Is the polynomial $f(x) = x^4 + tx^3 + (t^2 + 1)x^2 + (t^3 + t)x + (t^4 + t^2)$ irreducible over $k(t)$?

Question

Let $k$ be an algebraically closed field of characteristic 2 and let $k(t)$ be rational function field of one variable. Consider the polynomial $f(x) = x^4 + tx^3 + (t^2 + 1)x^2 + (t^3 + t)x + (t^4 + t^2) \in k(t)[x]$. Is $f(x)$ irreducible over $k(t)$?

Answer 1

First, by Gauss' lemma, $f(x)$ is irreducible over $k(t)$ iff it's irreducible over $k[t]$, so we may do all our calculating in the ring $k[t]$.

The polynomial has no linear factors $(x-a)$, as if it did then $a|t^4+t^2=t^2(t+1)^2$ by the rational root theorem, and each of the 9 possibilities may be plugged in to the polynomial to get a non-zero result.

This leaves the scenario that the polynomial factors as a product of quadratics:

$$f(x)=(x^2+ax+b)(x^2+cx+d)=x^4+(a+c)x^3+(ac+b+d)x^2+(ad+bc)x+ bd$$

This gives us four equations: $$\begin{eqnarray} a+c&=& t \\ bd&=&t^4+t^2\\ ad+bc &=&t^3+t\\ ac+b+d&=&t^2+1\end{eqnarray}$$

By the mention of Gauss' lemma in the first sentence, we may list the 9 possible values for $b,d$ assuming they lie in $k[t]$ and then check each case.

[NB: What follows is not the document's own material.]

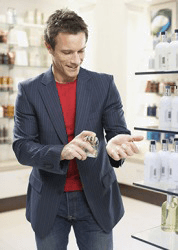 Barry tested several colognes at the mall to find the one that might help seduce his dinner date that evening.
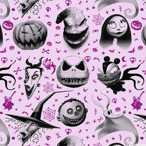 From Tim Burton's timeless classic, characters from The Nightmare Before Christmas are depicted across the design including Jack Skellington, Sally, Oogie Boogie, and the Pumpkin King. Larger character portraits are about 4-1/2", 'Character Pack' from the 'The Nightmare Before Christmas' collection by © Disney for Springs. Disney stipulates that this product cannot be shipped outside the USA, Puerto Rico and Canada. It is intended for home use only, not for manufacturing.

By symmetry, we have only 5 cases to consider: $b=1,t,t+1,t^2,t(t+1)$ (these give $d=t^4+t^2,t^3+t,t^3+t^2,t^2+1,t(t+1)$ respectively).

We can eliminate most of these situations by considering the third equation, $ad+bc=t^3+t$.

Case 1 gives $a(t^4+t^2)+c=t^3+t$, which may be dismissed by degree considerations- if $a$ is of degree $n$ in $t$, then $c$ must be of degree $4+n$ in $t$, but also is at most degree $n+1$ in $t$ by the equation $a+c=t$.

Case 2 gives $a(t^3+t)+ct=t^3+t$, or $at^3+(a+c)t=at^3+t^2\neq t^3+t$, as $a+c=t$. So this case is impossible.

Case 3 gives $a(t^3+t^2)+c(t+1)=t^3+t$. On the other hand, the equation $ac+b+d=t^2+1$ will help here- plugging in, we have that $ac=t^3+t$, so $a=t^p(t+1)^q$ where $p\in\{0,1,2\}$ and $q\in\{0,1\}$. For each choice, it is clear that $a+c\neq t$, so this case is impossible.

Case 4 gives $a(t^2+1)+ct^2=t^3+t$, or $(a+c)t^2+a=t^3+a=t^3+t$ so $a=t$, $c=0$. Plugging this in to the remaining equation $ac+b+d=t^2+1$, we have $t\cdot0+t^2+t^2+1=1\neq t^2+1$. So this is impossible.

Case 5 may be immediately discarded, as it reduces to $(a+c)(t^2+t)=t(t^2+t)=t^3+t^2\neq t^3+t$.

Therefore the given polynomial is irreducible.